> _Requirement_
Would you transcribe only the lines from the one holding "汇丰银行外汇牌价表一览 11" through the end of the material, exactly, without any pictures?
─── Material provided ───
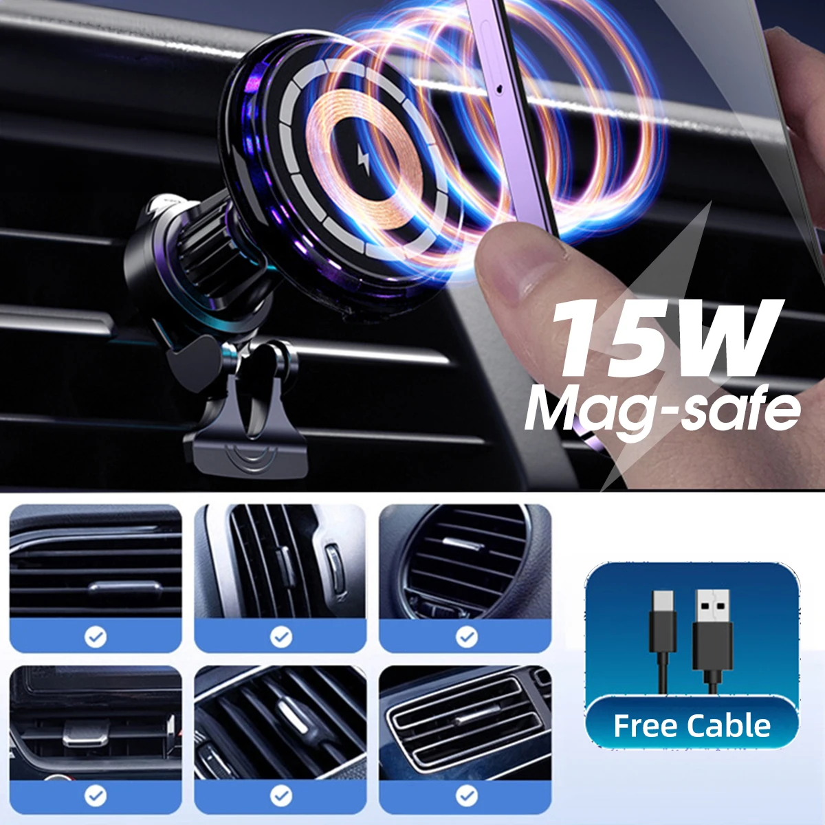Cargador inalámbrico magnético para coche, soporte de teléfono con ventilación de aire, estación de carga rápida para iphone 14, 13, 12 Pro Max, Mini, 15W
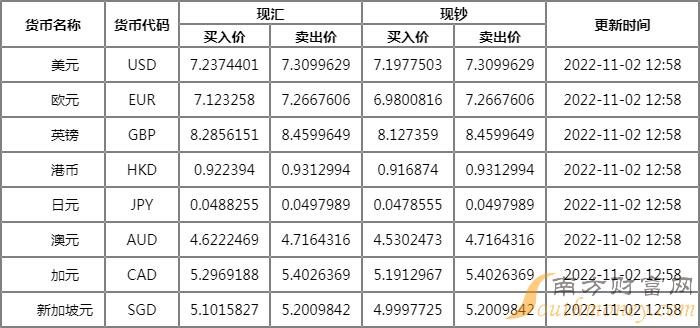 汇丰银行外汇牌价表一览 11月2日汇丰银行人民币汇率走势?下面同南方财富网点金君来看看。
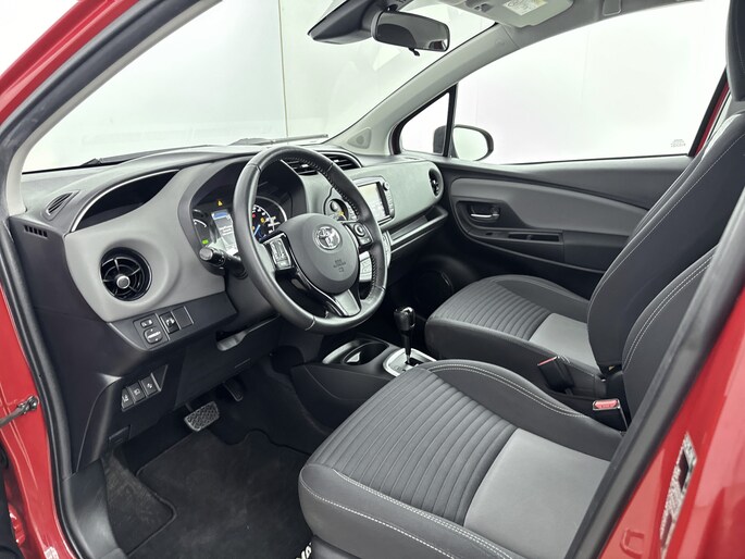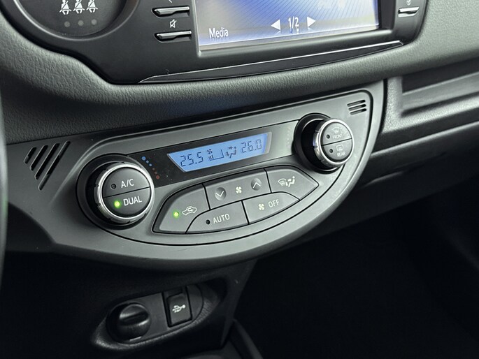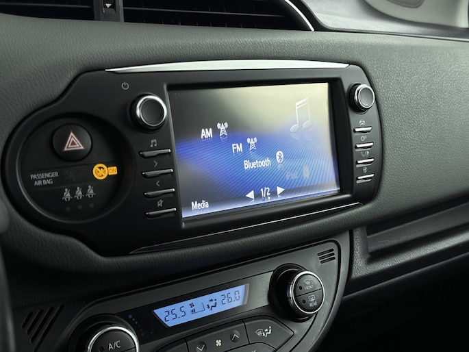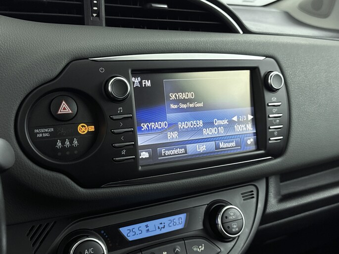 Zoals je mag verwachten van deze Toyota Yaris is hij uitgerust met een reeks aan actieve veiligheidssystemen. De camera van de verkeersborddetectie herkent verschillende soorten verkeersborden en toont deze op het dashboard. Het Lane-keeping systeem garandeert dat je je niet onverhoeds buiten de lijnen van de rijstrook begeeft. In een noodsituatie waarschuwt forward collision warning bij een dreigende aanrijding met een voorligger. De veiligheid van deze auto wordt verder verhoogd door hill hold functie, brake assist en bandenspanningcontrolesysteem.
───
> _Answer section_
 汇丰银行外汇牌价表一览 11月2日汇丰银行人民币汇率走势?下面同南方财富网点金君来看看。
 Zoals je mag verwachten van deze Toyota Yaris is hij uitgerust met een reeks aan actieve veiligheidssystemen. De camera van de verkeersborddetectie herkent verschillende soorten verkeersborden en toont deze op het dashboard. Het Lane-keeping systeem garandeert dat je je niet onverhoeds buiten de lijnen van de rijstrook begeeft. In een noodsituatie waarschuwt forward collision warning bij een dreigende aanrijding met een voorligger. De veiligheid van deze auto wordt verder verhoogd door hill hold functie, brake assist en bandenspanningcontrolesysteem.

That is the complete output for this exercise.